_Data records_
....
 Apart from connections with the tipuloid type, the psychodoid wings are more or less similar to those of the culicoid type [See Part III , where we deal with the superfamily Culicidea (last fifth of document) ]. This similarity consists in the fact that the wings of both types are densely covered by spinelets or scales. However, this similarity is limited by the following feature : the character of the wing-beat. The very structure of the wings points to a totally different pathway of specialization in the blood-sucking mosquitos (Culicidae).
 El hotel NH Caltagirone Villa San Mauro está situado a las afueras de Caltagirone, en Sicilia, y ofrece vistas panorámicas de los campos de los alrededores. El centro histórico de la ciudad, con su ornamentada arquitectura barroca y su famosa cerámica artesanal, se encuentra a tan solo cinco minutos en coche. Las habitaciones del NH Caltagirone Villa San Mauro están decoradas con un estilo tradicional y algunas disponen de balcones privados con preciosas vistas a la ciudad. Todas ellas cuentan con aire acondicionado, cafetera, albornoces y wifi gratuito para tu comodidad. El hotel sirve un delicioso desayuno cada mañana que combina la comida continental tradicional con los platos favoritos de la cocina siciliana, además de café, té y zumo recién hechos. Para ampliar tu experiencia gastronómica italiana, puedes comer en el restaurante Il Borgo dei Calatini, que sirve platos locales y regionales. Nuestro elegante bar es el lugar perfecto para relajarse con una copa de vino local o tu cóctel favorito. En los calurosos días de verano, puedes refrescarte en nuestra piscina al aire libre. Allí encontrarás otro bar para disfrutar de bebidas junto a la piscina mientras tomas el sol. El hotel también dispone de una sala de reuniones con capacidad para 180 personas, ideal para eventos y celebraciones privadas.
....
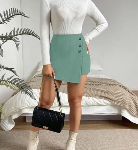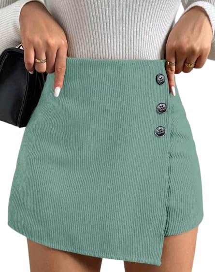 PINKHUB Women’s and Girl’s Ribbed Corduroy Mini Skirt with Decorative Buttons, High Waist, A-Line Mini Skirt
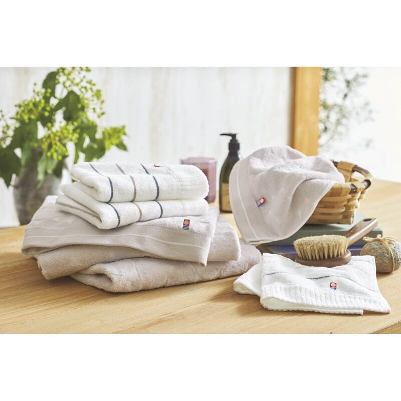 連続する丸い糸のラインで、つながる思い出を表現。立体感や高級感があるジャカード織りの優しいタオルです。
....
_Your goal_
In the listing above, find the line containing "PINKHUB Women’s and" and the line containing "連続する丸い糸のラインで、つ"; print those lines and every line between them exactly, leaving out pictures.

_Response_
 PINKHUB Women’s and Girl’s Ribbed Corduroy Mini Skirt with Decorative Buttons, High Waist, A-Line Mini Skirt
 連続する丸い糸のラインで、つながる思い出を表現。立体感や高級感があるジャカード織りの優しいタオルです。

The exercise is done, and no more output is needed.